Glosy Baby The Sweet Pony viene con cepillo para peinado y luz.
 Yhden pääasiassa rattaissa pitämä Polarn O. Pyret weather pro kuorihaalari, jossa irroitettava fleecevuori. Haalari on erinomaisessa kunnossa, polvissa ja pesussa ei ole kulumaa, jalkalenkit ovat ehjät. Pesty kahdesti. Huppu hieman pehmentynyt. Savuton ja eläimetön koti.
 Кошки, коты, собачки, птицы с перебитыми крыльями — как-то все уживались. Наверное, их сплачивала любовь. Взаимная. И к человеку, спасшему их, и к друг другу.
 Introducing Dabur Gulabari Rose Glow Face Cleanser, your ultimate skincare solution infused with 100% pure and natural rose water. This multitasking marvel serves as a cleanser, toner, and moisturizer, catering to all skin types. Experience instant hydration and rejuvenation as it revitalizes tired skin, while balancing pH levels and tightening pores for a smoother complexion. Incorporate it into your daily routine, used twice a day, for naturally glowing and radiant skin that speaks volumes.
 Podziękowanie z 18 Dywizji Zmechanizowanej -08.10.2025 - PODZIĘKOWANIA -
---
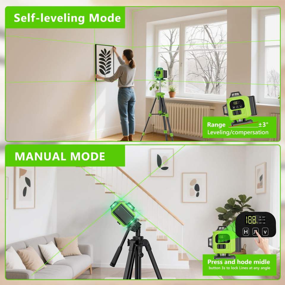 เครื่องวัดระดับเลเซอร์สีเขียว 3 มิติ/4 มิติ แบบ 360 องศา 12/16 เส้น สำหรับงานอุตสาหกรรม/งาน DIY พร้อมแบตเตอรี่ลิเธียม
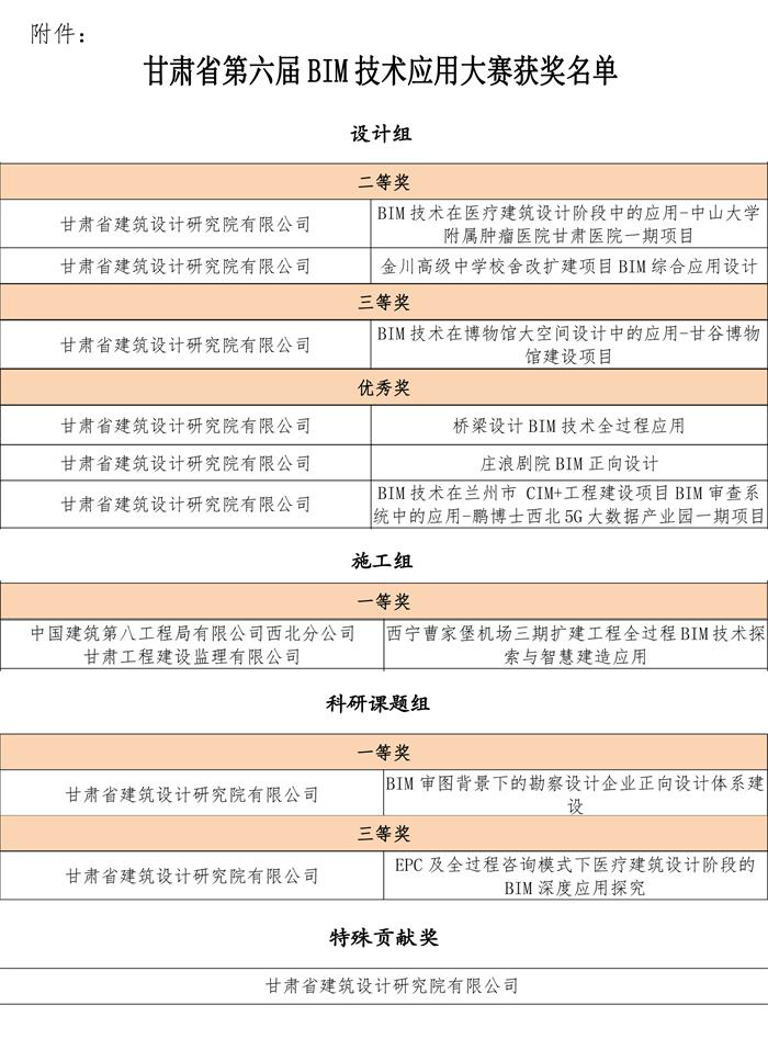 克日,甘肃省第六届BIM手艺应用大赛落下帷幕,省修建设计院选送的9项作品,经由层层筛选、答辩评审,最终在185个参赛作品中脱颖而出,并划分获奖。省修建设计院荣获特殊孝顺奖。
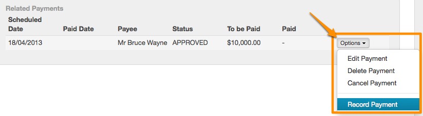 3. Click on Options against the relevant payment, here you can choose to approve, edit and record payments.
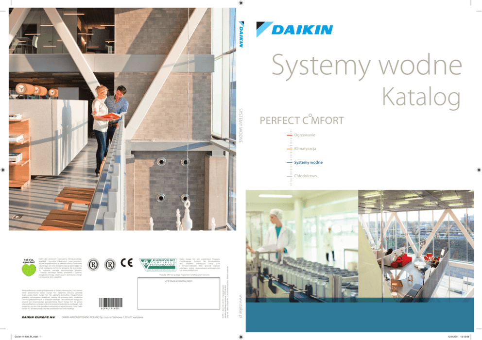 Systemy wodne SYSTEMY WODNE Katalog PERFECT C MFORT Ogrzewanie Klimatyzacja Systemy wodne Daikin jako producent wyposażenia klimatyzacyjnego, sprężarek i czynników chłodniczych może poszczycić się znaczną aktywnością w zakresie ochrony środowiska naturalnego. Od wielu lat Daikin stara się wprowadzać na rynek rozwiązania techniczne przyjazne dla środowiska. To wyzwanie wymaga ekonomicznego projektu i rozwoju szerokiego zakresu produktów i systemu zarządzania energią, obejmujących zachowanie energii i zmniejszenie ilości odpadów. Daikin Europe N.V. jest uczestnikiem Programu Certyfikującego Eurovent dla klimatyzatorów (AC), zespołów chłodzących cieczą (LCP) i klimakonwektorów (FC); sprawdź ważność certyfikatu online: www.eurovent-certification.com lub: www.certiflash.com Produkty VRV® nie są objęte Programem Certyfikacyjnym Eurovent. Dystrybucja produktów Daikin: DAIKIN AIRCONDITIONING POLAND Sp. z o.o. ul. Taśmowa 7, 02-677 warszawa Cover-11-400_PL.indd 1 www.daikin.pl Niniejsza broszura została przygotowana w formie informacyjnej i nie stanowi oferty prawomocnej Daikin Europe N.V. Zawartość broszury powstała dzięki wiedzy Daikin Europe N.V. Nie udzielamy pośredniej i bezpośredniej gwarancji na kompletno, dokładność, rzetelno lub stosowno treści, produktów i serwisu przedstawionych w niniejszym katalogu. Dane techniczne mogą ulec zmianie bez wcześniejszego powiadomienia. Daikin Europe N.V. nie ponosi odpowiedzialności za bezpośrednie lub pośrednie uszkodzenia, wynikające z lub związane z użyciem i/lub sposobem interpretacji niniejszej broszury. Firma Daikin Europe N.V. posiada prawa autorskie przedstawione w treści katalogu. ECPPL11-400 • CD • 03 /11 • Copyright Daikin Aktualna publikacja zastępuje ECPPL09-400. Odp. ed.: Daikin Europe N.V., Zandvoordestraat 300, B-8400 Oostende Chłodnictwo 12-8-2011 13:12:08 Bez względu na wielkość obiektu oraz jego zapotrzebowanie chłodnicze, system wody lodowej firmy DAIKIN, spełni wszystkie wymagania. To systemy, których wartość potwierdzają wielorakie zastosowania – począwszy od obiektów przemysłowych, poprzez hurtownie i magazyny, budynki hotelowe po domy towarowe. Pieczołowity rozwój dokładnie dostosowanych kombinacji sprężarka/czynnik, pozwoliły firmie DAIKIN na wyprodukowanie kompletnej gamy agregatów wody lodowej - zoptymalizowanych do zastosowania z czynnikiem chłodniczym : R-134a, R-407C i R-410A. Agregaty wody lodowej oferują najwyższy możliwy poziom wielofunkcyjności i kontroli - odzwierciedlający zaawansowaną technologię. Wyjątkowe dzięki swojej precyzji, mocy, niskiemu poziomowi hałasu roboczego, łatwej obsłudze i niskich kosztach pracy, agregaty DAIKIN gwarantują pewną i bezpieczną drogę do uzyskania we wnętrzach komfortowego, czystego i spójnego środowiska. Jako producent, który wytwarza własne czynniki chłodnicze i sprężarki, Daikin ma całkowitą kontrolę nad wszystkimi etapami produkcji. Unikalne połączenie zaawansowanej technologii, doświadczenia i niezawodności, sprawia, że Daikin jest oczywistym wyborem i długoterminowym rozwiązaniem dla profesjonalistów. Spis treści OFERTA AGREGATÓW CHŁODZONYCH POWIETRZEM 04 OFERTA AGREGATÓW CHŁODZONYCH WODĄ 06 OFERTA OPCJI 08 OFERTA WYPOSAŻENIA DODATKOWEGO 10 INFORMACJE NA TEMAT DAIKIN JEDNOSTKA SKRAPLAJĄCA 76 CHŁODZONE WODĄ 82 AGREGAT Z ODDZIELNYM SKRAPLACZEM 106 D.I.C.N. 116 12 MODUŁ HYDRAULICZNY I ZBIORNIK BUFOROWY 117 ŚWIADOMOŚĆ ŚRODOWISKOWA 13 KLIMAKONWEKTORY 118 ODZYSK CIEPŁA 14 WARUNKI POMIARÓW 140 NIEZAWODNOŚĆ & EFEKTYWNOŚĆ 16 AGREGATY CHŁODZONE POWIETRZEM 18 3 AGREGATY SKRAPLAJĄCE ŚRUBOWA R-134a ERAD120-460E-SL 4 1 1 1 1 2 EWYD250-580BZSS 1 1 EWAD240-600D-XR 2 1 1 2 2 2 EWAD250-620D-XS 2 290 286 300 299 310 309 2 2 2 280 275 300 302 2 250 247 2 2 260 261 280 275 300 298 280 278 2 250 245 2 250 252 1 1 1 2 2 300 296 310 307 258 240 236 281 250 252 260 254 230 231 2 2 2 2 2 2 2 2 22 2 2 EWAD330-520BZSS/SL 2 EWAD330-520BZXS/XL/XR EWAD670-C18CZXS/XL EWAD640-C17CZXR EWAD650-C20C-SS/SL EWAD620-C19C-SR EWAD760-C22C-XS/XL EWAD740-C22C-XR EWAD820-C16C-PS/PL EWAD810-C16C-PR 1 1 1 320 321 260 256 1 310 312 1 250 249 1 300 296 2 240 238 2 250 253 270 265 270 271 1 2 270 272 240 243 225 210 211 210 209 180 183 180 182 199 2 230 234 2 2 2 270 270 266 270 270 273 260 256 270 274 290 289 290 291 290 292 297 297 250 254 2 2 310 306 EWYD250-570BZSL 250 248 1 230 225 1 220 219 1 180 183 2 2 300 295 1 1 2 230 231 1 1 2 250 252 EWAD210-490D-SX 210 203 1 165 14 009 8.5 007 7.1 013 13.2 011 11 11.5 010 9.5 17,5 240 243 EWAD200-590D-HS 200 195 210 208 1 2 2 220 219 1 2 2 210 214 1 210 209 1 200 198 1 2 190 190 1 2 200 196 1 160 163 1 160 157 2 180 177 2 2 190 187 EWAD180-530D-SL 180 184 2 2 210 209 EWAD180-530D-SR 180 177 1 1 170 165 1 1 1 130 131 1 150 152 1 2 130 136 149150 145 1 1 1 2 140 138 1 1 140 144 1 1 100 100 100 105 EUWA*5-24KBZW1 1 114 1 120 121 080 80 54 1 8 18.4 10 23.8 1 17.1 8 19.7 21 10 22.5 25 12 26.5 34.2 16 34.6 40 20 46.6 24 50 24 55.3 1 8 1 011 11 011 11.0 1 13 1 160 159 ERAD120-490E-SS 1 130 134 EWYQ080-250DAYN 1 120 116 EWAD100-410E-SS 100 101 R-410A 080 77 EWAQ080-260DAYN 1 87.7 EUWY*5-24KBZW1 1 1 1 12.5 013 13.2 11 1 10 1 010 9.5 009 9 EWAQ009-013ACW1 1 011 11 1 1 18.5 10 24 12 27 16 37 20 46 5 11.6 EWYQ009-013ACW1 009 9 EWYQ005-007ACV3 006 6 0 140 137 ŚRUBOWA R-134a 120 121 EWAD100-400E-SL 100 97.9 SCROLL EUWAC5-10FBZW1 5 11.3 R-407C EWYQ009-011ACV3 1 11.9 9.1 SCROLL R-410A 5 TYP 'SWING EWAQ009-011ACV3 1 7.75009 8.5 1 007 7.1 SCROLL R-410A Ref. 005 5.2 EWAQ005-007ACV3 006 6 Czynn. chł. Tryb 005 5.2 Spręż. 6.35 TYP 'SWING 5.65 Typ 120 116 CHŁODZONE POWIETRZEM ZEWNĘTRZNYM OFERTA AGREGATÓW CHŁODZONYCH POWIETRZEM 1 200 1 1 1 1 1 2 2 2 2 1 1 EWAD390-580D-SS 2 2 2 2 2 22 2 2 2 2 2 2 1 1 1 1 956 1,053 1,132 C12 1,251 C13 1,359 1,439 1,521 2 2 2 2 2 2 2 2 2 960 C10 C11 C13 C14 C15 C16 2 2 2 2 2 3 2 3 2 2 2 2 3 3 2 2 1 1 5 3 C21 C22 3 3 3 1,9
==
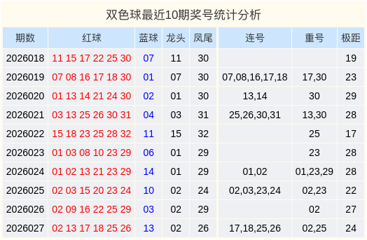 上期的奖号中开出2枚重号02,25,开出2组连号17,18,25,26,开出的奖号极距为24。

» Task statement: An exact copy of the lines above, from the one containing "Glosy Baby The" down to the one containing "Yhden pääasiassa rattaissa" and including both, is the whole answer; retype it and nothing else.

» Response to this exercise:
Glosy Baby The Sweet Pony viene con cepillo para peinado y luz.
 Yhden pääasiassa rattaissa pitämä Polarn O. Pyret weather pro kuorihaalari, jossa irroitettava fleecevuori. Haalari on erinomaisessa kunnossa, polvissa ja pesussa ei ole kulumaa, jalkalenkit ovat ehjät. Pesty kahdesti. Huppu hieman pehmentynyt. Savuton ja eläimetön koti.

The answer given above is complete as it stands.